ACTIVITY: Down to the last line, reproduce the data that follows, but skip the pictures.

DATASET CONTENT:
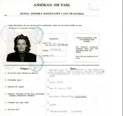 1940 fick Sverige ett centralt passregister, som till 1964 fördes av Statens kriminaltekniska anstalt och därefter av Rikspolisstyrelsen. Här ingår följaktligen även passansökningar från utlandssvenskar. Dokumentet som är beskuret är undertecknat av Hollywwoodstjärnan:
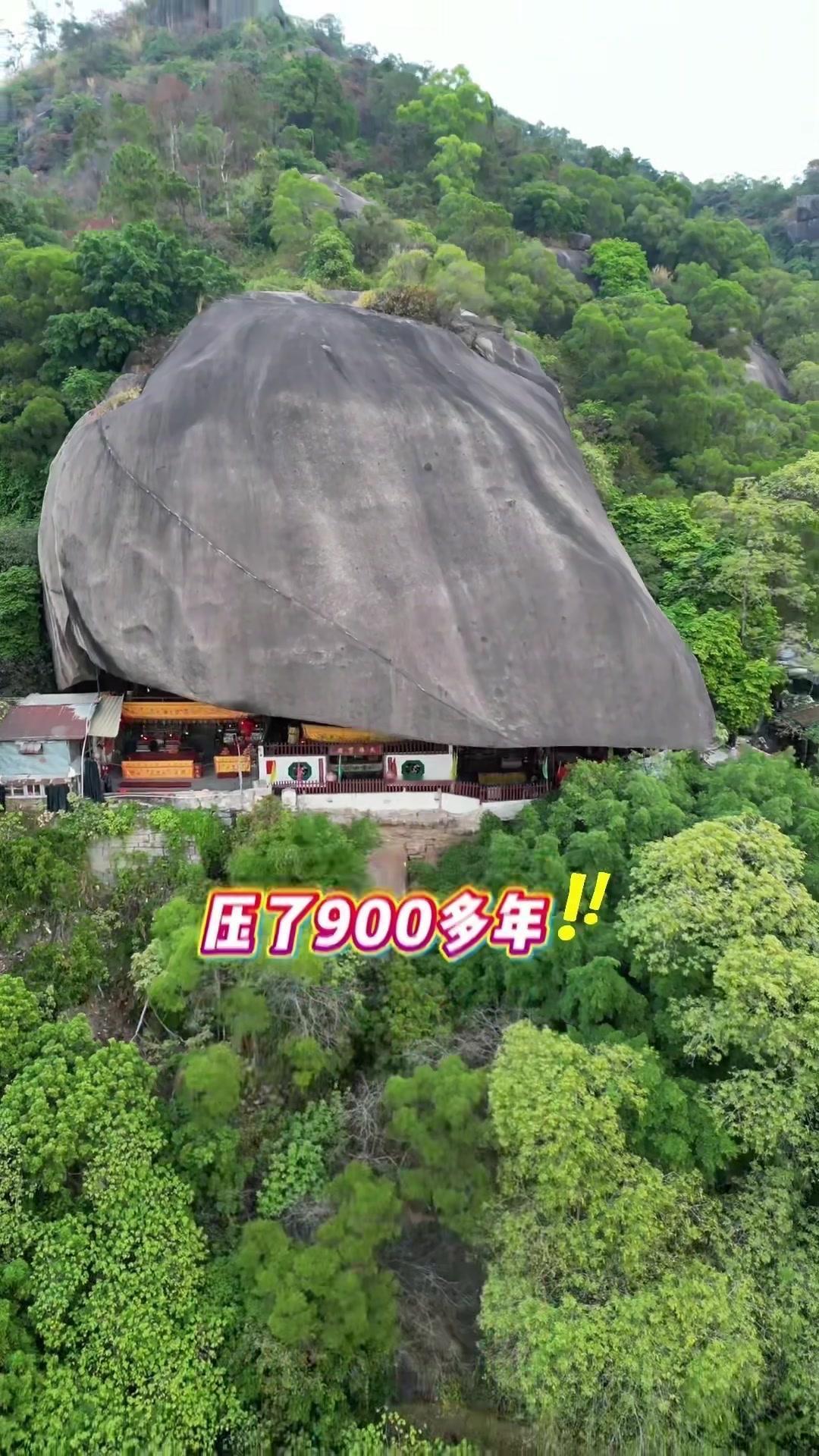在广东潮州的深山里,藏着一座神奇寺庙——甘露寺。两吨重的巨石压在上面900多年,
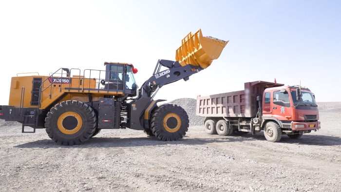 國內(nèi)首臺,徐工XC9150超大噸位混動裝載機正在全力作業(yè),一臺臺礦用卡車被陸續(xù)裝滿,依序駛出礦區(qū)。徐工XC9150投入使用僅僅三個月,作業(yè)時間近1000小時,成為礦區(qū)工程裝備群的“模范生”。

FINISHED TASK:
 1940 fick Sverige ett centralt passregister, som till 1964 fördes av Statens kriminaltekniska anstalt och därefter av Rikspolisstyrelsen. Här ingår följaktligen även passansökningar från utlandssvenskar. Dokumentet som är beskuret är undertecknat av Hollywwoodstjärnan:
在广东潮州的深山里,藏着一座神奇寺庙——甘露寺。两吨重的巨石压在上面900多年,
 國內(nèi)首臺,徐工XC9150超大噸位混動裝載機正在全力作業(yè),一臺臺礦用卡車被陸續(xù)裝滿,依序駛出礦區(qū)。徐工XC9150投入使用僅僅三個月,作業(yè)時間近1000小時,成為礦區(qū)工程裝備群的“模范生”。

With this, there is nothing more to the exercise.